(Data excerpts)
________

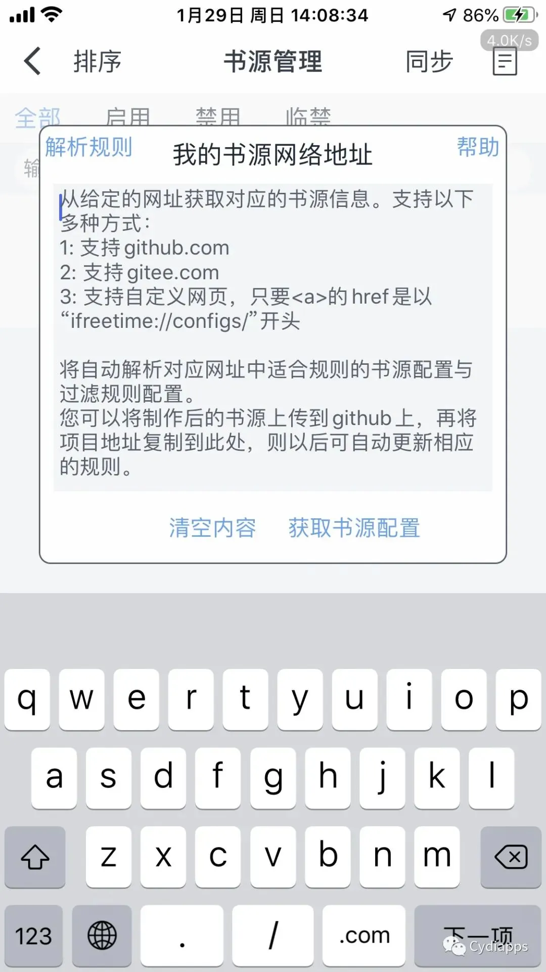 方法三:如果你有其它的在线书源,直接在如图的位置粘贴书源即可
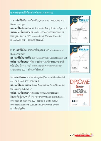 2. รางวลัที่�ไดุ�รับ: รางวัลเห็รียญเงิน สาขา Medicine and
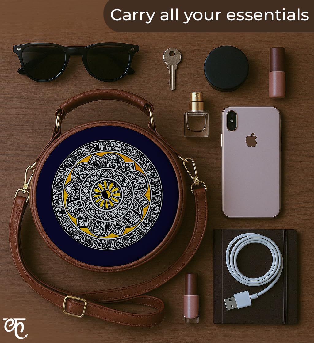 The Kalānkit Crossbody Round Sling Bag for women features a metallic zipper closure, ensuring the safety and security of your belongings. This chic round box sling bag features a robust handle that ensures a comfortable and secure grip, making it effortless to carry with confidence.
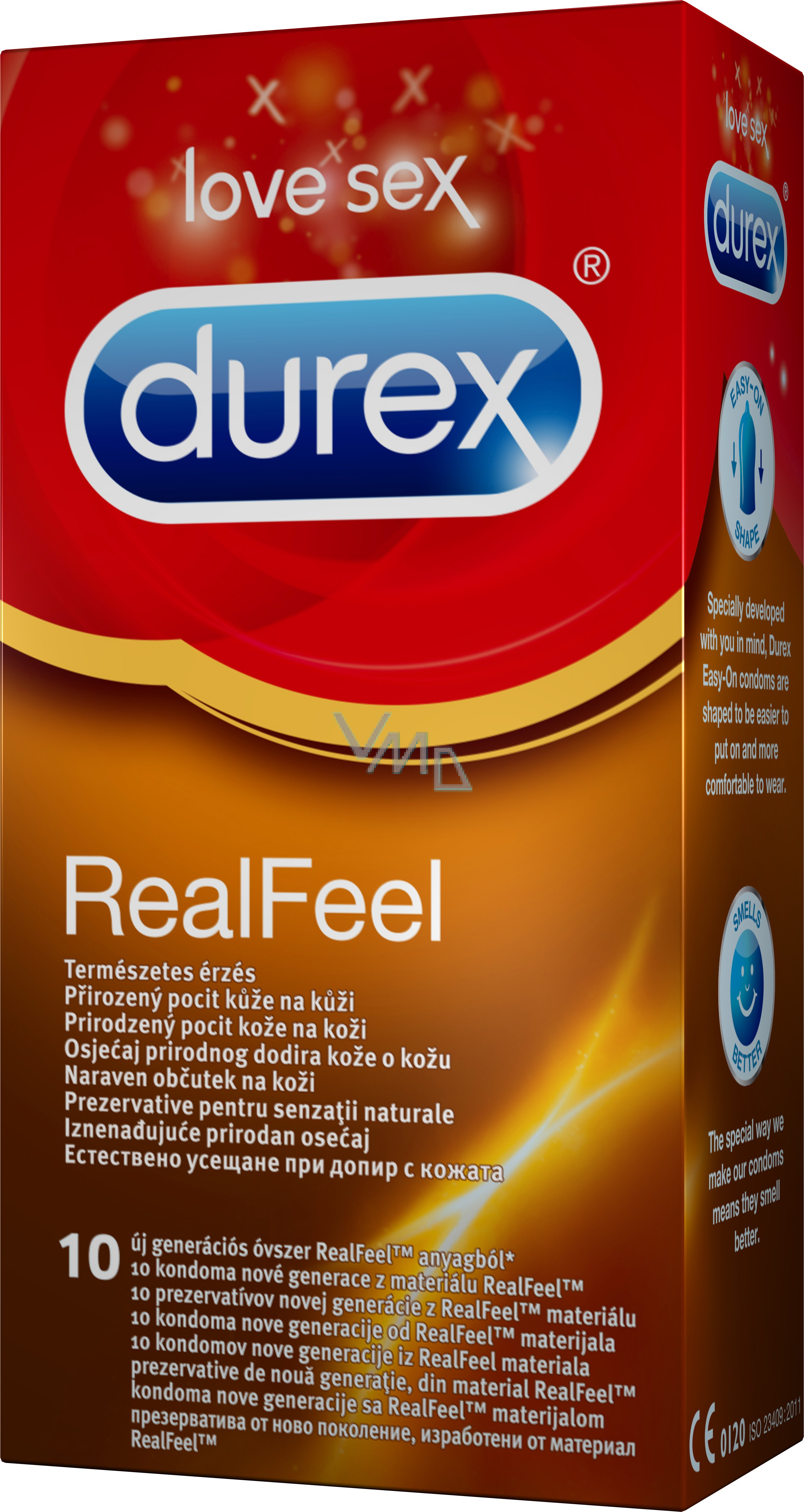 Nový revoluční kondom na trhu. Vyrobený z technicky pokročilého materiálu RealFeelTM. Zprostředkovává přirozenější pocit pro oba partnery, pocit kůže na kůži. Má patentovaný Durex Easy-onTM tvar, díky kterému se kondom lépe nasazuje a lépe sedí. A jako všechny kondomy Durex, nejen, že zachovává mezinárodně stanovené standardy bezpečí a kvality, dokonce je i předčí.
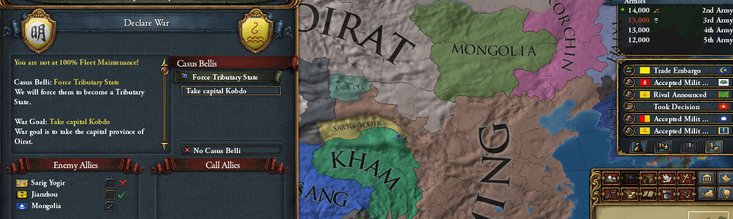 この回では初手でオイラトを攻めたんじゃが、全国から軍を集めて1445年2月に宣戦するころには既に建州や海西と同盟を結ばれとった。海西に同盟を破棄させて攻め込み勝ちはしたものの、1.22ならオイラトは大抵孤立主義であったゆえ攻めやすさが段違いじゃった。
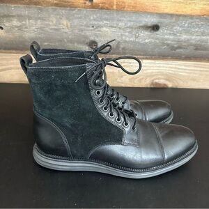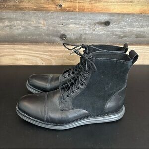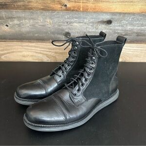 Cole Haan Grand OS Cap Toe Black Leather Laced Mens Military-like Boots Sz 9M
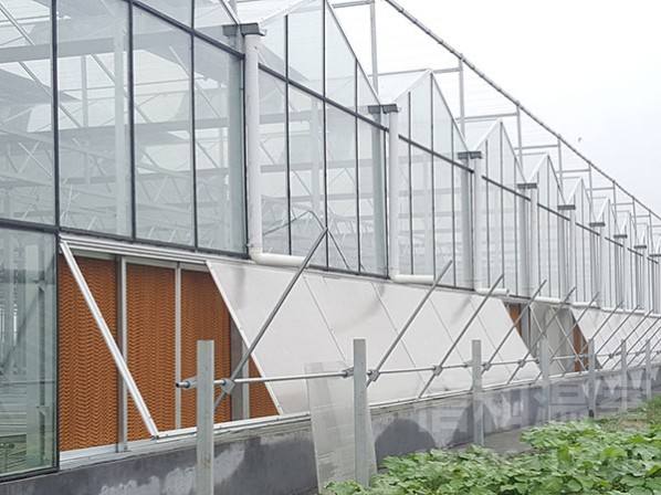 連續開窗系統,由若干排齒輪齒條,在驅動軸的帶動下,將溫室窗戶進行開啟。連續開窗適用于各種類型的溫室,可有效提高溫室通風面積,達到增加溫室通風降溫的效果。主要設備配件有減速電機、傳動軸、齒條、齒輪、軸承座等。扭距分配式開窗系統是連續式開窗的一種,由一臺減速電機驅動一系列扭距分配器,扭距分配器作用于連續開窗的驅動軸,實現開窗。交錯開窗系統又稱為推桿開窗系統,適用于Venlo型溫室。開窗時,齒輪齒條在驅動軸帶動下運動,推動推桿向前運動,在支撐臂的作用下,將窗戶打開。交錯式開窗僅適用于頂開窗系統。交錯式開窗因齒輪齒條機構不同而分為軌道式和擺臂式兩種形式。二者主要區別于,前者單根齒條推力大,可適用長度較大的溫室,后者適用于長度較小,但結構簡單,造價較低。系統組成:齒輪、齒條、推拉桿、減速電機、驅動軸、支撐臂等附件。

________

Your answer should be the lines from the first record down to the line containing "The Kalānkit Crossbody", restated exactly, with no pictures.

 方法三:如果你有其它的在线书源,直接在如图的位置粘贴书源即可
 2. รางวลัที่�ไดุ�รับ: รางวัลเห็รียญเงิน สาขา Medicine and
 The Kalānkit Crossbody Round Sling Bag for women features a metallic zipper closure, ensuring the safety and security of your belongings. This chic round box sling bag features a robust handle that ensures a comfortable and secure grip, making it effortless to carry with confidence.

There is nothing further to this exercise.